[Source material — start]

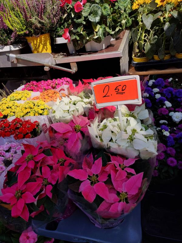 Denn heute auf dem Bonner Markt die ersten Weihnachtssterne im Angebot .......bei 25 Grad...
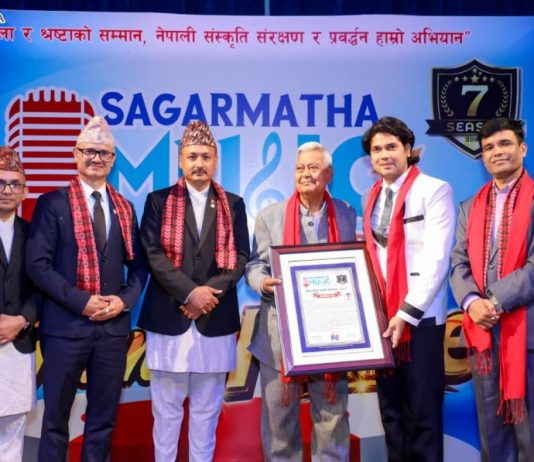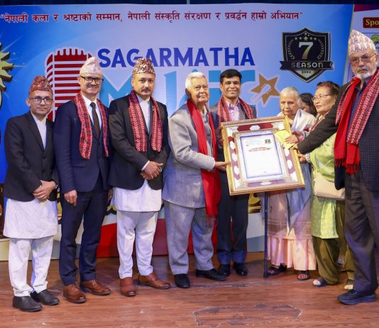 With the slogan “Honoring Nepali art, talent to promote and preserve Nepali Culture,” the 7th edition of the Sagarmatha Music Award 2082, recently held in Kathmandu, honored fashion and pageant choreographer Aswini Kant Jha with the “Sagarmatha Art Honor 2082.”
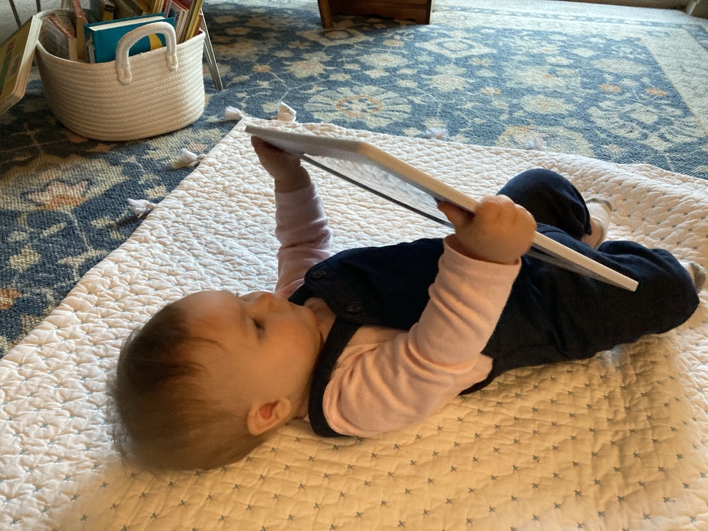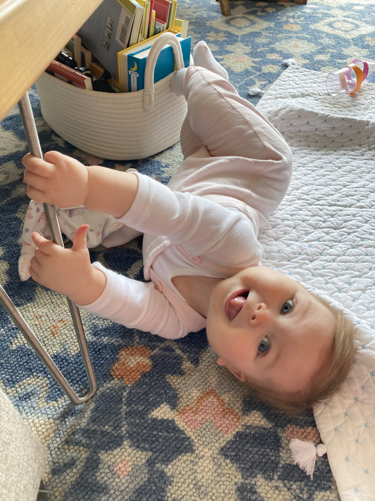 Katie dear has been just the sweetest this week, smiling lots and snuggling in for pseudo-hugs. She is rapidly advancing toward mobility, and everyone keeps warning us that it’s “game over” then. I don’t think I will resent my daughter for crawling, but whatever. For now, she wriggles and wiggles and rolls around plenty. She seems genuinely delighted by playing with her toys, looking in the mirror, and turning her head upside down.
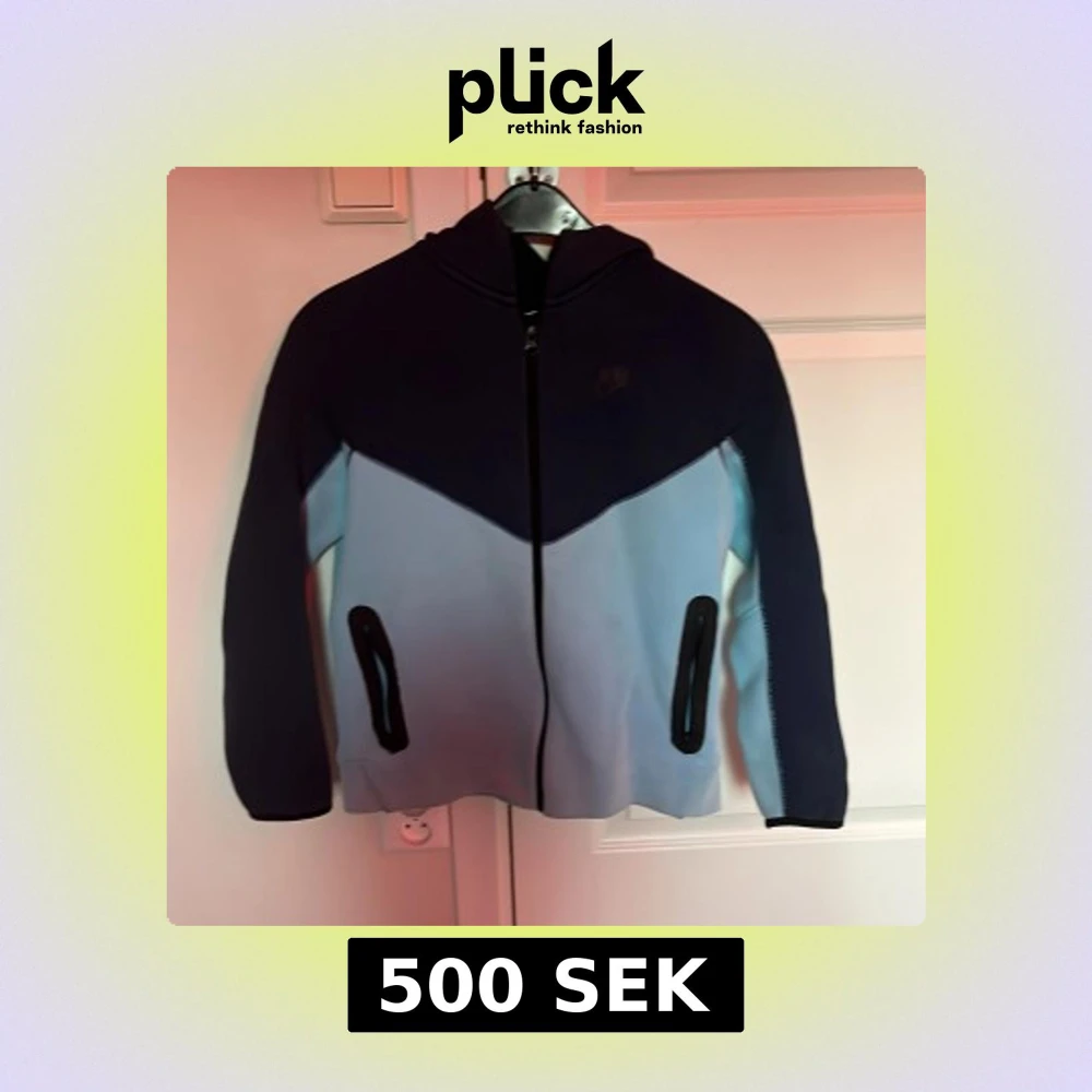 Nike vindjacka i två nyanser av blått med svart dragkedja och huva. Jackan har svarta detaljer vid fickorna och en snygg V-formad färgövergång framtill. Perfekt för dig som gillar sportig stil och vill ha något bekvämt och stilrent.
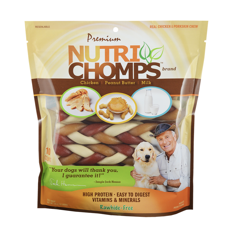 Nutri Chomps are a rawhide-free dog chew. Nutri Chomps are high in fiber & protein and low in carbs. Nutri Chomps first ingredients are chicken and pork skin making them fully digestible. Nutri Chomps are a safe & healthy rawhide alternative. These braids come in an assorted flavor package: Milk, Chicken, and Peanut Butter. The 6" braides are the a perfect chew for small, medium dogs, and some large dogs. If your dog is small, untwist the braids and give out in portions.

[Source material — finish]

● **What you are asked to do**: Both the line above containing "With the slogan" and the line containing "Nike vindjacka i" belong in the copy, along with every line between them; print these exactly and omit the pictures.

● **Written response**:
 With the slogan “Honoring Nepali art, talent to promote and preserve Nepali Culture,” the 7th edition of the Sagarmatha Music Award 2082, recently held in Kathmandu, honored fashion and pageant choreographer Aswini Kant Jha with the “Sagarmatha Art Honor 2082.”
 Katie dear has been just the sweetest this week, smiling lots and snuggling in for pseudo-hugs. She is rapidly advancing toward mobility, and everyone keeps warning us that it’s “game over” then. I don’t think I will resent my daughter for crawling, but whatever. For now, she wriggles and wiggles and rolls around plenty. She seems genuinely delighted by playing with her toys, looking in the mirror, and turning her head upside down.
 Nike vindjacka i två nyanser av blått med svart dragkedja och huva. Jackan har svarta detaljer vid fickorna och en snygg V-formad färgövergång framtill. Perfekt för dig som gillar sportig stil och vill ha något bekvämt och stilrent.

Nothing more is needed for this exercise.